Limpertsberg () is a quarter in north-western Luxembourg City, in the centre of Luxembourg.

In the south, on the border with the main city is the Glacis, a large open air parking lot which hosts the annual Schueberfouer fair, the largest fair in the country. Next to the Glacis is the Grand Théâtre de Luxembourg. 

Limpertsberg's Notre-Dame cemetery has a Monument de la résistance et de la déportation (Monument of the national resistance and deportation).
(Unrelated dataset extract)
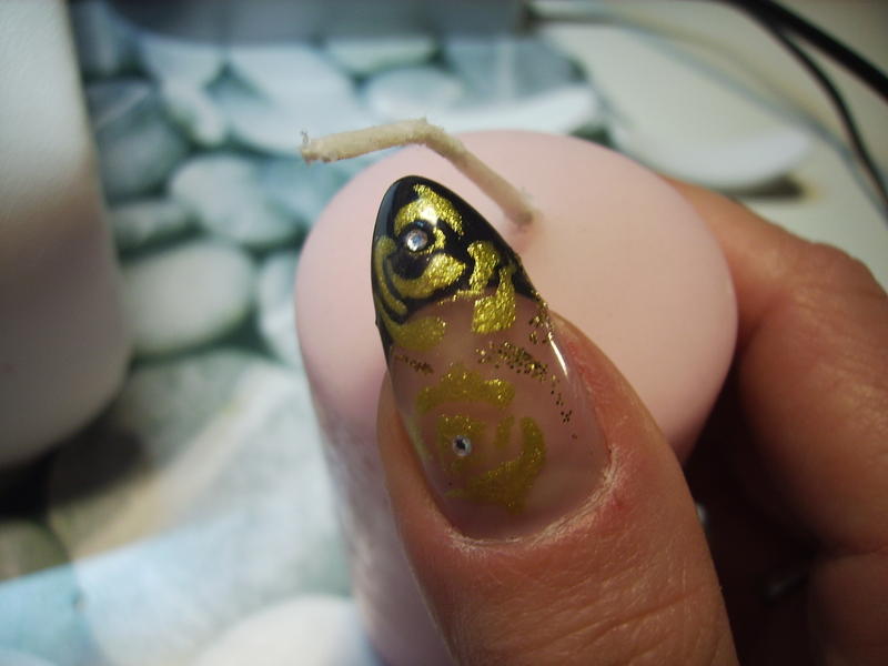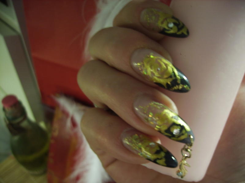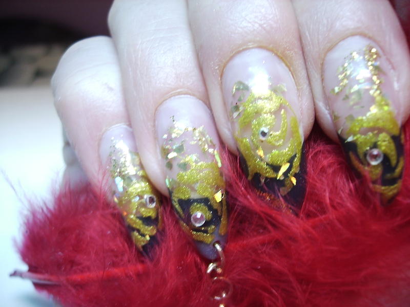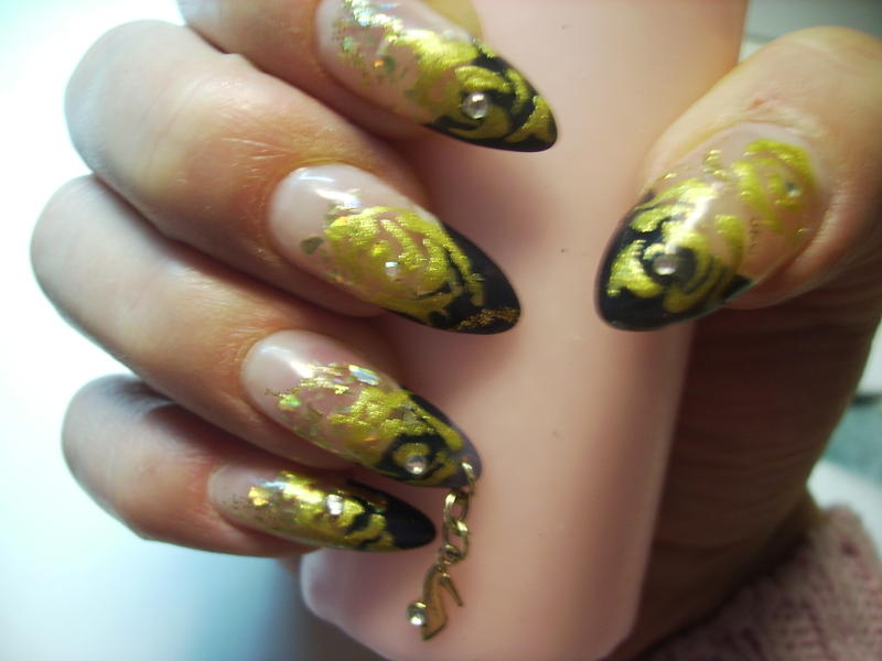 Bon.. remplissage de ma main droite avec deco au liner or + crusch or + strass + piercing talon aiguille pour aller avec la forme "mini stiletto"( ratée oui je sais .. )
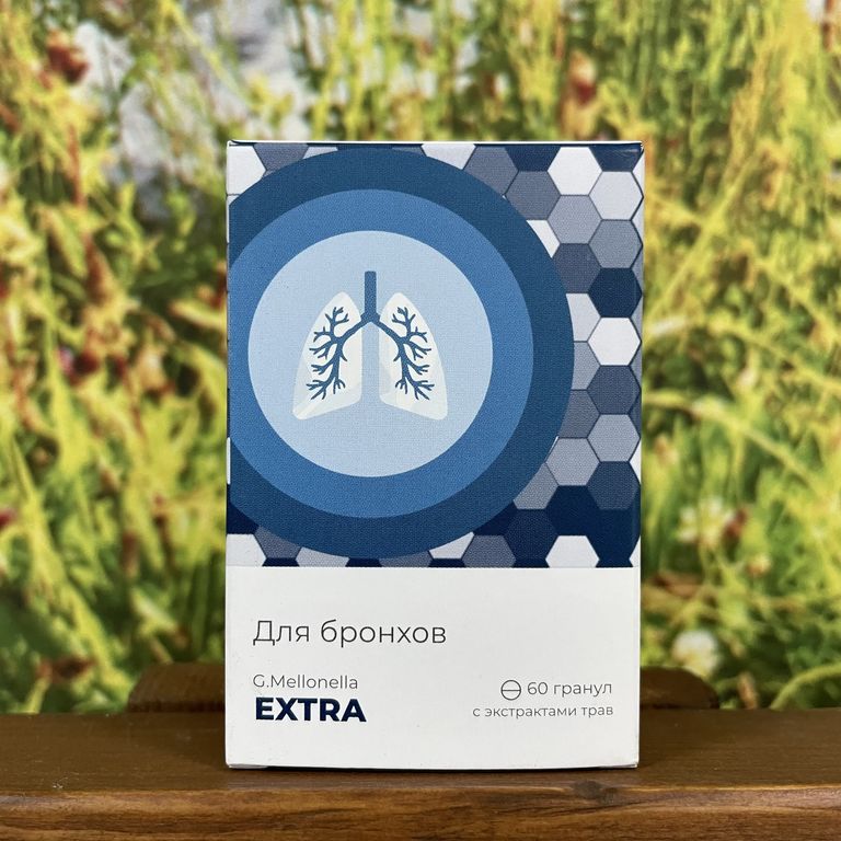 Гранулы «G. Mellonella – EXTRA» – натуральный сбалансированный комплекс (полноценный курс), рекомендованный как сопутствующее оздоровительное и восстановительное средство при заболеваниях дыхательных путей – бронхите, трахеите, ларингите, пневмонии и других.

The cemetery features the bronze sculpture of The Political Prisoner by Luxembourg's best-known sculptor Lucien Wercollier.  The Limpertsberg bronze is one of three casts of the sculpture, with the other two at the Musée national de la résistance (National Resistance Museum) in Esch-sur-Alzette and the National Monument to the Resistance and to the Deportation at Notre-Dame cemetery in Luxembourg City.

To the south east is another iconic landmark, the Grand Duchess Charlotte Bridge, also known as the Red Bridge due to its colour. It connects Limpertsberg to the European district of Kirchberg, passing over the City quarter of Pfaffenthal and the Alzette river.

Limpertsberg also has several educational institutions such as, parts of the University of Luxembourg, the Lycée de garçons (LGL), the Lycée Robert Schuman, the Lycée Vauban, the Lycée Technique des Arts et Métiers, the Lycée Technique du Centre, the Lycée Technique Michel Lucius, the French school as well as the Waldorf school.

The district also houses St Joseph's Roman Catholic church completed in the Neo-Romanesque style in 1913.

, Limpertsberg had a population of about 10,941 inhabitants.